I don’t think we can minimize that as Presbyterians, we’ve been educated soundly for our professions, we’ve missed family gatherings, special events (weddings, graduations, funerals, BIG celebrations) in order to meet our personal goals. I have been patient, lucky, and fortunate to accomplish my academic goals over the years. I’ve enjoyed every job (3 different areas) I’ve held in my lifetime—I’m so lucky! I hope many of you have too. OK, so what does it mean for Jesus to say, ‘carry the cross’ and follow me?

 

Jesus tells the crowds on his travels about not being with family---to give up our most important family values ( the English is ‘hate’, NRSV,CEB) in order to carry our cross and come along with him. He is not talking about leaving our families, being hostile, or having hatred; Jesus says discipleship is costly over human relationships---that’s tough for us to grasp, I think!

 

Jesus is talking about placing it all in perspective as we live our lives. He talks about the truth of God’s reign in our lives—and following it. That’s the cross we carry! He is stating the power and wisdom in God asking us to love our neighbor as ourselves. Jesus is telling us we are to love our God with all our heart, soul, mind, body, and spirit. We need to take God seriously enough to realize the impact of the cheap grace we can make out of discipleship, thinking in our confession that we can stay as we are and not following Jesus’ commands.

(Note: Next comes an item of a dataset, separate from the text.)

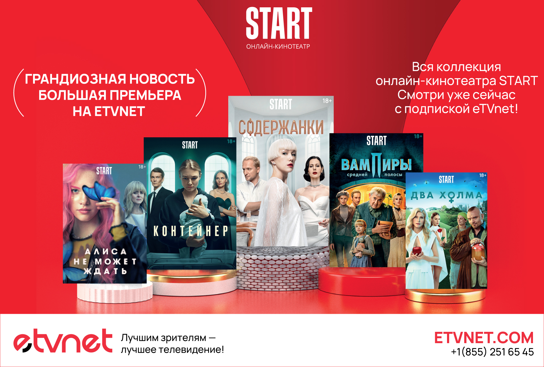 С подпиской eTVnet вы можете смотреть богатейшую коллекцию фильмов и сериалов START. Помимо этих замечательных премьер, на eTVnet вы найдете множество других прекрасных фильмов и сериалов в любом жанре!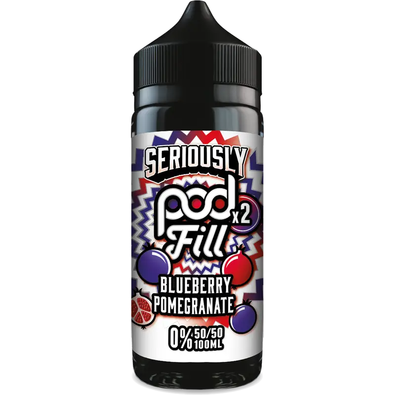 Blueberry Pomegranate Doozy Seriously Podfill 100ml Shortfill uses a 50 percent VG blend to support thick vapour production and full fruit clarity. This ratio allows the creamy blueberry sweetness and tart pomegranate notes to shine best in pod kits and MTL tanks.

We need to know of God’s costly grace in being disciples.

 

A book by German Lutheran theologian Dietrich Bonhoeffer (“The Cost of Discipleship,” published in 1937, German title, Nachfolge) is quoted often by conservative and liberal Christians on the topic of cheap vs. costly grace. It is considered a classic in Christian thought (https://en.wikipedia.org/w/index.php?), and is centered on what Bonhoeffer believes it means to follow Christ. He states, “…cheap grace is grace without discipleship, grace without the cross.” He contrasts that with costly grace that is, “a gracious call for us to follow Jesus, a grace because Jesus says, ‘My yoke is easy and my burden light.’ He has a wonderful section on Onesimus, Philemon, and Paul, about master and slave as both being members of the body of Christ (p. 256-7—read it aloud!).

 

I met and heard Bonhoeffer’s niece, Dr. Renate Bethge (wife of Dr. Eberhard Bethge) speak to us at seminary (MTS, Nov.13th, 2001) about D. Bonhoeffer’s family and how they influenced his theology, and how Bonhoeffer influenced his family. She was quiet gracious, and gave us family-life situations they lived through. Ultimately, his costly discipleship cost Dietrich his life, as it was at the rise of the Nazi regime in Germany.  

 

God is comforting to us, as we hear the Psalmist (139th) tell us that God is acquainted with our ways, and anywhere we go, God is near. We will include this psalm in our prayers of the people today. The labors of God in/for our lives are not fathomable; God has work to do in us as God’s full house!

 

By the works of our Lord, we are fearfully and wonderfully made, and how vast

are the thoughts of our God! God never lets us stay the same; God continuously works on us to change in becoming God’s disciples. When you and I ask about all the important things in our lives, what we can never ever let go of, might we ask ourselves, where God in Jesus Christ is in our lives?      

 

            The good news for us as we come to the table together, you and I, is that God’s work and ways and will for us are in building us into God’s design, God’s full house and in God’s plan alone. We need not worry, yet we need to recognize that God’s plan is not supplanted in exactness for us to determine at any one time. God’s plan encompasses our obedience and our disobedience, following and being led. Let us allow God to build and plant and mold and change us, as God’s people, individually, as a nation and as a kingdom, as ‘Thy kingdom come, Thy will be done.’ Let’s be part of God’s full house!

 

                                                            Thanks be to God.                        AMEN.